◆ About this task ◆
Exact transcription of the data below is required, without the images.

◆ Dataset excerpt ◆
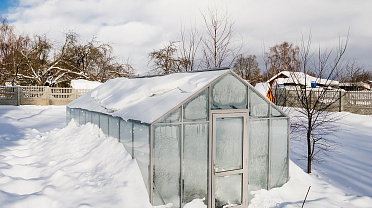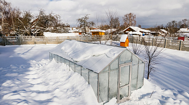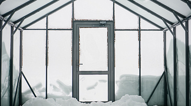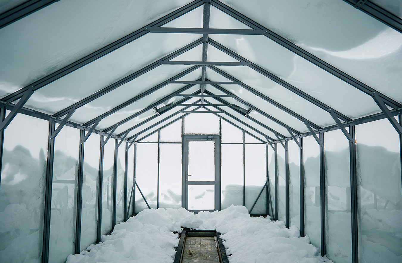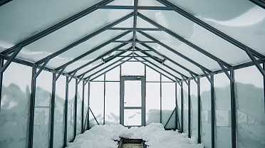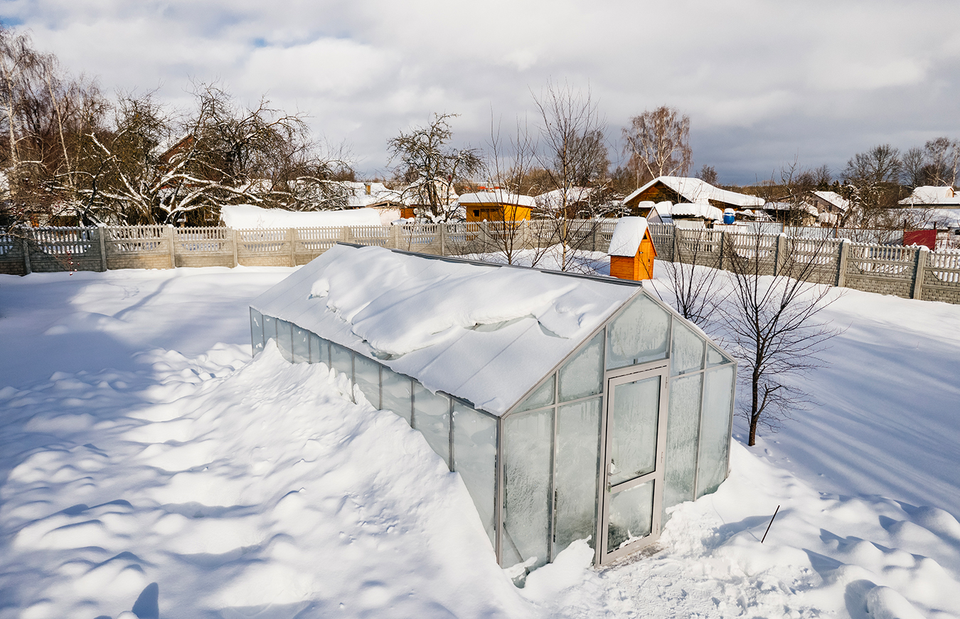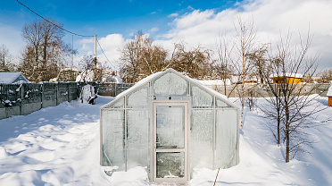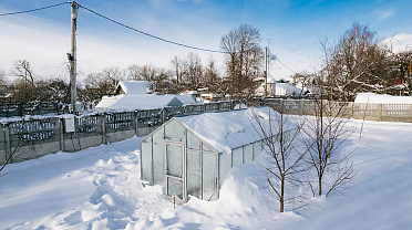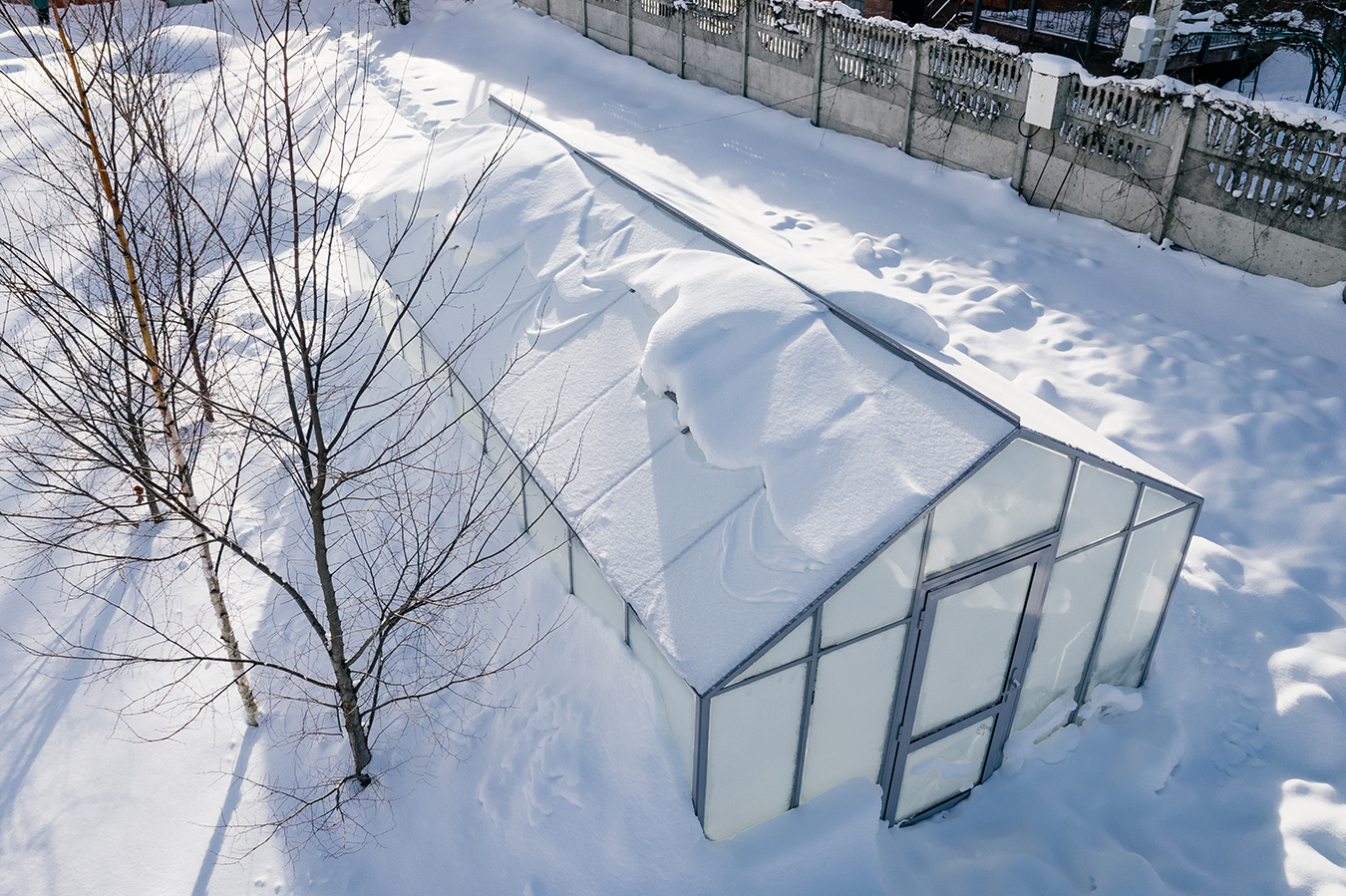 Сдержанное цветовое решение с акцентом на архитектуру и чистоту линий. Глубокий серый оттенок подчёркивает геометрию формы, а в зимний период теплица сохраняет уверенную устойчивость к снеговым нагрузкам, оставаясь выразительным элементом участка.
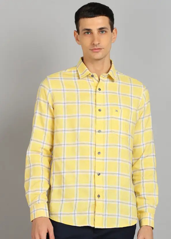 Killer Mens Yellow Checkered Full Sleeve Casual Shirt
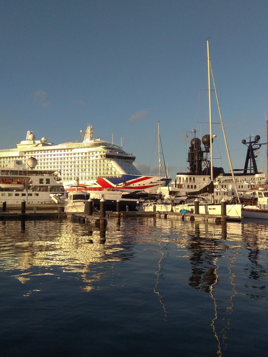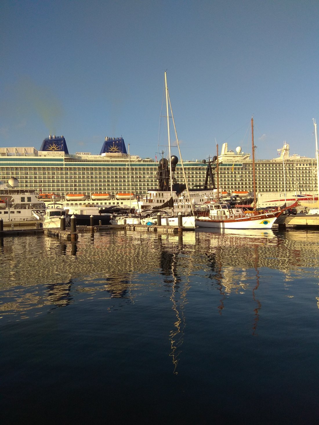Another day we enjoyed the luxury Crystal Espirit (62 passengers to 91 crew!!) being completely overshadowed by P&O Britannia, one of the more modern looking super cruise liners with over 3.000 passengers aboard. It was great fun watching them come onto berth but it’s also always a relief when they leave at the end of the day, especially since Britannia was carrying out crew “exercises” and testing their alarm systems during the morning which was not exactly peaceful!

◆ Response area ◆
 Сдержанное цветовое решение с акцентом на архитектуру и чистоту линий. Глубокий серый оттенок подчёркивает геометрию формы, а в зимний период теплица сохраняет уверенную устойчивость к снеговым нагрузкам, оставаясь выразительным элементом участка.
 Killer Mens Yellow Checkered Full Sleeve Casual Shirt
Another day we enjoyed the luxury Crystal Espirit (62 passengers to 91 crew!!) being completely overshadowed by P&O Britannia, one of the more modern looking super cruise liners with over 3.000 passengers aboard. It was great fun watching them come onto berth but it’s also always a relief when they leave at the end of the day, especially since Britannia was carrying out crew “exercises” and testing their alarm systems during the morning which was not exactly peaceful!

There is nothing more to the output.